CDE now supports K8s 1.22. The CSP EOS for K8s 1.21 is as follows:

Support for creation of a default virtual cluster

CDE now provides support for default virtual clusters. This will help you get a jump start to create your jobs easily, without having to wait to create a CDE virtual cluster. You have the option to turn this selection off if you do not wish to use a default virtual cluster. For more information, see Enabling Cloudera Data Engineering service.

In-place upgrades (Preview)

CDE supports upgrades from CDE 1.14 on both AWS and Azure. The upgrades can be triggered by an admin from CDE user interface. Users will need to manually pause/backup/restore each Virtual Cluster to account for upgrade failures.

  • Upgrades of CDE core components include: EKS, AKS Services, and Application Services
  • Upgrades of dependencies include: Helm, K8s versions, YuniKorn

Machine Learning

This release (2.0.32) of the Cloudera Machine Learning (CML) data service on CDP Public Cloud introduces the following new features and improvements:

Garbage collection for deleted projects

This feature allows you to trigger cleanup of deleted projects. A separate feature allows older orphaned projects to be marked for cleanup. For more information, see Project Garbage Collection.

Disable Runtimes

It is now possible to disable and enable runtimes.

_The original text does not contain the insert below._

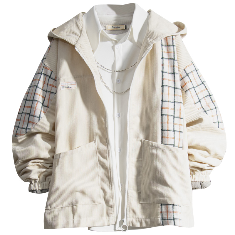 @Flammable Youth Tide brand corduroy jacket men's stitching spring and autumn loose outer wear 2021 new ins jacket

For more information, see Disabling Runtimes.

Monitoring for applications

This feature allows you to monitor the technical health of deployed applications, including statistics and visualizations of CPU and memory usage. For more information, see Monitoring applications.

Custom polling endpoints for applications

This feature allows the application creator to define what application endpoint servers poll to detect if the application is running, that avoids problems some applications have with polling the root endpoint. For more information, see Application polling endpoint.

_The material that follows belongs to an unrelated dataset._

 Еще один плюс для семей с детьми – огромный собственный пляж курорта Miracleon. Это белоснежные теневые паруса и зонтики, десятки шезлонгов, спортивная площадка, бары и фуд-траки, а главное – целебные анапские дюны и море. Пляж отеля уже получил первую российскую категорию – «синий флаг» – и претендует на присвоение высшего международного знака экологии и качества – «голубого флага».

PBJ Workbench Runtimes (Preview) now work with Sessions, Experiments, Jobs and Applications

This feature enables the classic workbench UI backed by the open-source Jupyter protocol. This architectural change improves consistency, stability, and ease of customization while eliminating the dependency on proprietary CML code. For more information, see “PBJ Workbench” in Preview Features.

Kubernetes 1.22

Kubernetes 1.22 is now supported for CDE for both AWS and Azure.

Management Console

This release of the Cloudera Management Console service on CDP Public Cloud introduces the following new features and improvements:

New documentation for CDP Public Cloud upgrade

The CDP Public Cloud upgrade advisor, which gives an overview and FAQ of the upgrade process, is now available. See CDP Public Cloud upgrade advisor.

FreeIPA scaling

You can resize your existing FreeIPA cluster via CDP CLI. Upscaling FreeIPA is recommended after performing Data Lake scaling. For more information, see Resize FreeIPA.

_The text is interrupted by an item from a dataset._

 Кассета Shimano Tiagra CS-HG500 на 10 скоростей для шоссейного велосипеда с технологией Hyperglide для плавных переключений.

Changed permissions for managing proxies in CDP

You no longer need to be a PowerUser to register and manage a proxy in CDP. The new minimal roles are as follows:

  • EnvironmentCreator can register a proxy in CDP.
  • Owner or SharedResourceUser can view details of a proxy.
  • Owner can delete a proxy registration from CDP.
    This change has been introduced for new proxy registrations only; That is, proxies registered prior to this change continue to be managed by a PowerUser. See updated Setting up a non-transparent proxy in CDP.

Support for Machine Learning in ap-1 and eu-1 regional Control Planes

Cloudera Machine Learning is now supported in the ap-1 (Australia) and eu-1 (Germany) regional Control Planes. For the list of all supported services for all supported Control Plane regions, see CDP Control Plane regions.